Hacker News new | past | comments | ask | show | jobs | submit login

This might be a naive question, but is darker skin just harder to see for shitty web cameras and cameras generally, especially in low-light indoor study environments? So the software doesn’t get the data it needs in the first place. I know that cinematographers often illuminate dark and light skin differently to account for the way light behaves when reflected off different colors.



Your question may be more relevant than you think. Yes, lack of illumination will obscure capture of any scene, if making it dark enough. This is a consequence of our imaging technology.
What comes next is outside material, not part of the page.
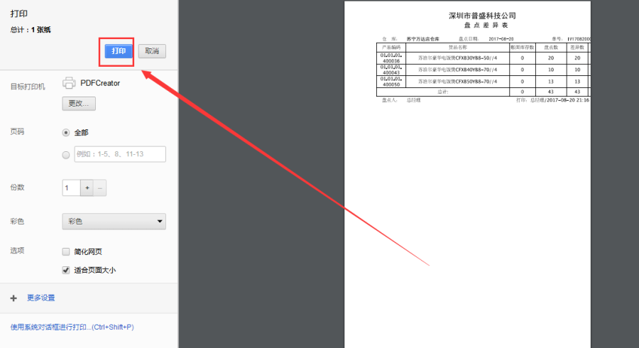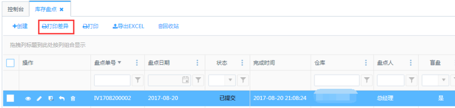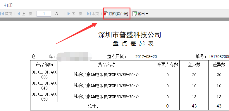 盘点单结果和原库存的差异数据可以打印出纸质差异单。

Even great cameras are severely limited in how they can make sense of light that reaches them, never able to reproduce more than a slice of available contrasts (depth?).

Your cinematographers seem aware of this of course, and it touches an idea a photographer introduced me to. That one could draw parallels between photography as a technology, and the issues surfacing in image recognition and biased deep learning etc.
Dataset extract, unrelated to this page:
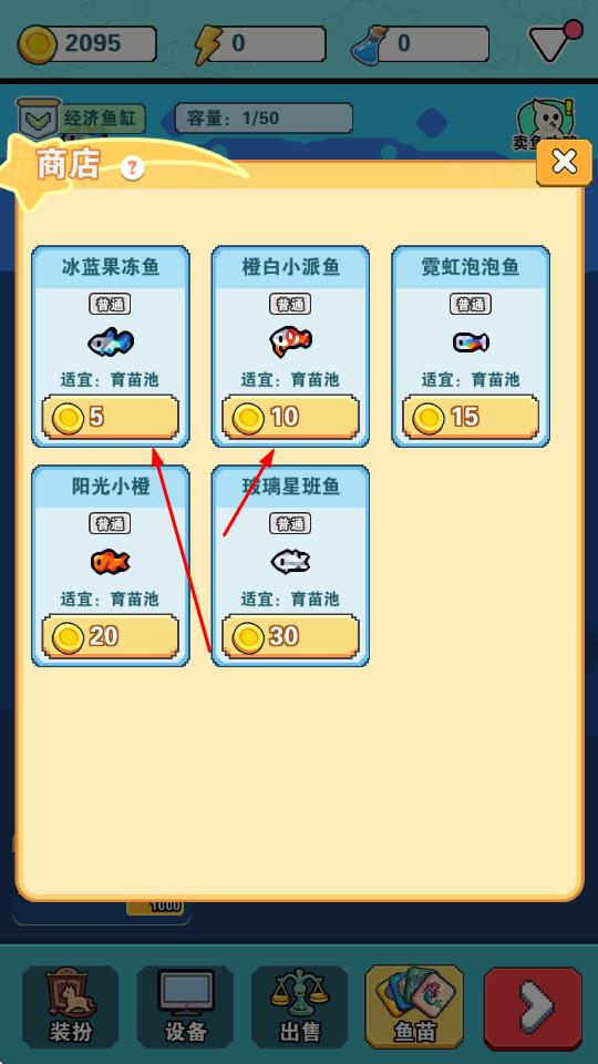 1、在商店中,可使用金币购买不同种类的鱼苗,如冰蓝果冻鱼、橙白小派鱼等。

Photography has been shaped by environments even less concerned by such issues. Technology refined and calibrated over decades, to attain the perfect shot by those with the means to access a camera, the perfect shot of those most often subject to it.


Even worse, an education company built a solution that works for only ~10% of the human population. The customers should get a refund, damages, and throw that software in the trash.


I'm not sure I understand. Which ten percent?


Does that really matter? The product makes more errors on dark skin. All you did is suggest a reason for this fact. How does that change anything?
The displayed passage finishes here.